Determine the mount point for deep learning experiments

Edit online

Find the path relative to the Watson Machine Learning Accelerator mounting point for Deep Learning Experiments and obtain your trained models.

Model training data and results are located under /gpfs as follows:

Training data: Training data is located in /gpfs/mydatafs/.
Training results: Trained model data is located in /gpfs/myresultsfs/.
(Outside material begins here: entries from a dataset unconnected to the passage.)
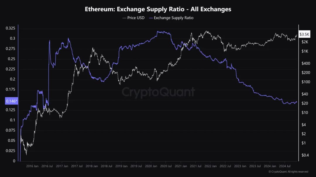 این تحلیلگر تأکید کرد که با وجود قیمتهای پایینتر اتریوم نسبت به اوجهای قبلی، نسبت عرضه اتریوم در صرافیها به سطوحی کاهش یافته که آخرین بار در سال ۲۰۱۶ مشاهده شده بود. این کاهش نشان میدهد که سرمایهگذاران داراییهای خود را از صرافیها خارج میکنند که نشاندهنده انباشت بلندمدت است. حتی با افزایش عرضه در گردش، کاهش ETH نگهداری شده در صرافیها نشان میدهد که سرمایهگذاران همچنان ETH را به عنوان یک دارایی امن میبینند.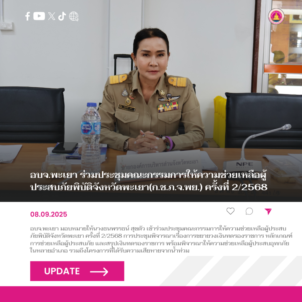 วันที่8 กันยายน 2568 นายธวัช สุทธวงค์ นายกองค์การบริหารส่วนจังหวัดพะเยา มอบหมายให้นางธนพรรธน์ สุขตัว หัวหน้าสำนักปลัดองค์การบริหารส่วนจังหวัดพะเยา เข้าร่วมประชุมคณะกรรมการให้ความช่วยเหลือผู้ประสบภัยพิบัติจังหวัดพะเยา(ก.ช.ภ.จ.พย.) ครั้งที่ 2/2568 ณ ห้องประชุมศูนย์บัญชาการเหตุการณ์จังหวัดพะเยาสํานักงานป้องกันและบรรเทาสาธารณภัย จังหวัดพะเยา ชั้น 2 ศาลากลางจังหวัดพะเยา(หลังเก่า) การประชุมในครั้งนี้เพื่อพิจารณาตามระเบียบวาระการประชุม ดังต่อไปนี้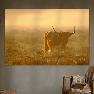 Want to buy majestic highland cow paintings, wallpaper, or photo art? The highland cow wall art collection can be printed in several high-quality materials. Think of metal, aluminium, glass, or canvas. Create calmness in the room with wallpaper from a photo of a highland cow in nature. Or buy a robust highland cow portrait on metal. There is highland cow wall art available for every style and interior.

If your data is uploaded to NFS, use the following steps to determine the mount point:

Find the PV name:

oc get pvc wmla-mygpfs -o yaml | grep volumeName

For example, the output returns the PV name:

f:volumeName: {}
  volumeName: pvc-2007b8f2-cefb-431c-93bc-5b1c69658e69

Using the PV name, obtain the NFS server

oc get pv pv-name -o yaml | grep " path:"

For example, using PV name pvc-2007b8f2-cefb-431c-93bc-5b1c69658e69:

oc get pv pvc-2007b8f2-cefb-431c-93bc-5b1c69658e69 -o yaml | grep " path:"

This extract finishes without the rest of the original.